■ TASK INSTRUCTIONS ■
What is needed is an exact reproduction of the lines in the records below, starting at the line with "Silver Buckle Set" and ending at the line with "وتعقد جامعة برج", both included, and nothing else; pictures stay out.

■ SUPPLIED ENTRIES ■
----------

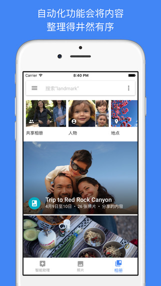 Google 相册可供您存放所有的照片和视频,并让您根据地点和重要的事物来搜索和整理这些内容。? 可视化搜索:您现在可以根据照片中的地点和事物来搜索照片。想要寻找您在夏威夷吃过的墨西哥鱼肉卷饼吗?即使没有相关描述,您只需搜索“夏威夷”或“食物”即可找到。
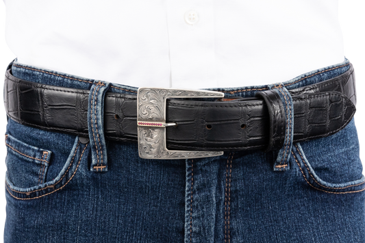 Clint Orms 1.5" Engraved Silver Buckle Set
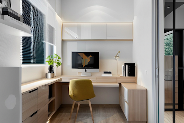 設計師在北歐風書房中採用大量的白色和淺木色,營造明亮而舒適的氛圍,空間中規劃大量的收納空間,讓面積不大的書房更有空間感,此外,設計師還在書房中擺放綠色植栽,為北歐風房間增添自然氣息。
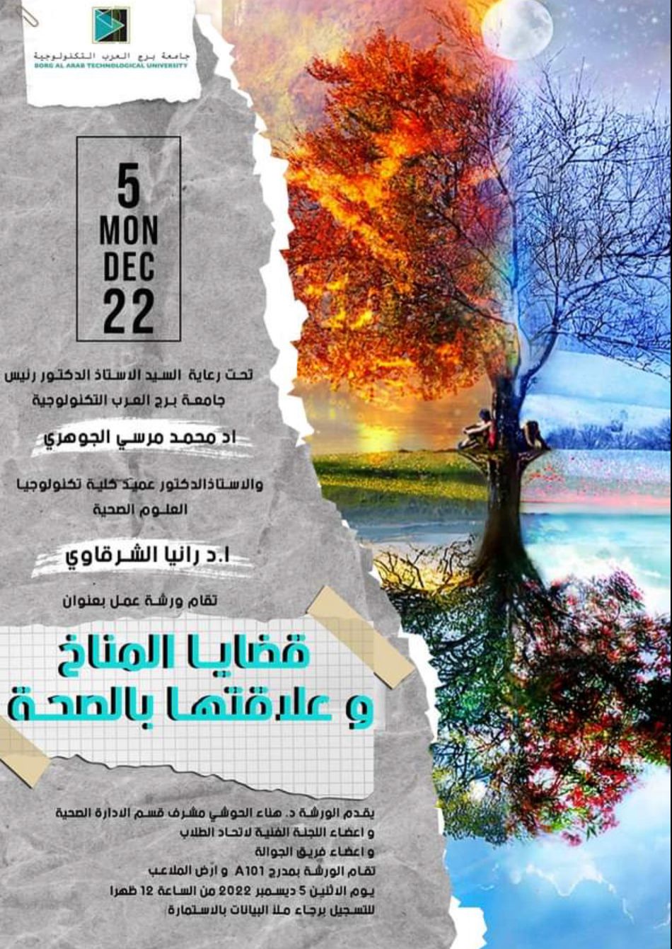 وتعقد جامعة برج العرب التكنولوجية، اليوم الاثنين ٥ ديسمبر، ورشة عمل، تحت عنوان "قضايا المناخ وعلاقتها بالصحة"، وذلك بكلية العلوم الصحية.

----------

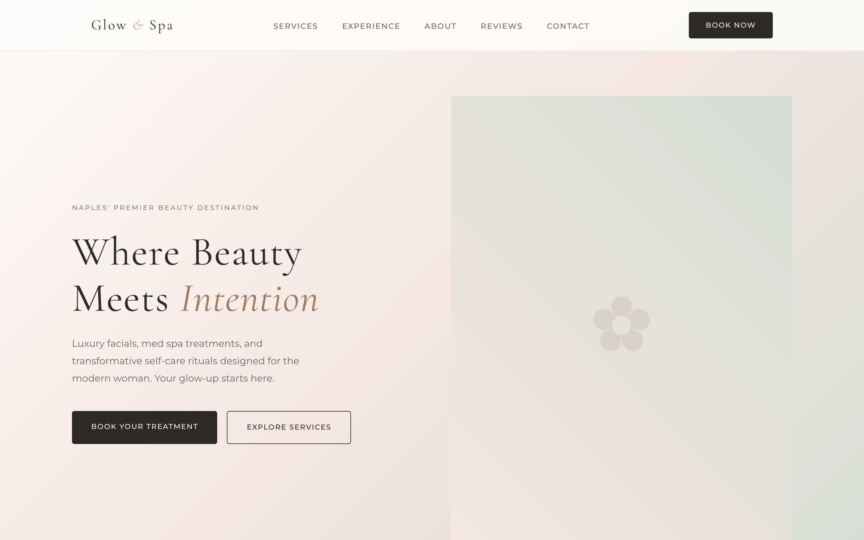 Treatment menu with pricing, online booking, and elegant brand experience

----------

■ TASK OUTPUT ■
 Clint Orms 1.5" Engraved Silver Buckle Set
 設計師在北歐風書房中採用大量的白色和淺木色,營造明亮而舒適的氛圍,空間中規劃大量的收納空間,讓面積不大的書房更有空間感,此外,設計師還在書房中擺放綠色植栽,為北歐風房間增添自然氣息。
 وتعقد جامعة برج العرب التكنولوجية، اليوم الاثنين ٥ ديسمبر، ورشة عمل، تحت عنوان "قضايا المناخ وعلاقتها بالصحة"، وذلك بكلية العلوم الصحية.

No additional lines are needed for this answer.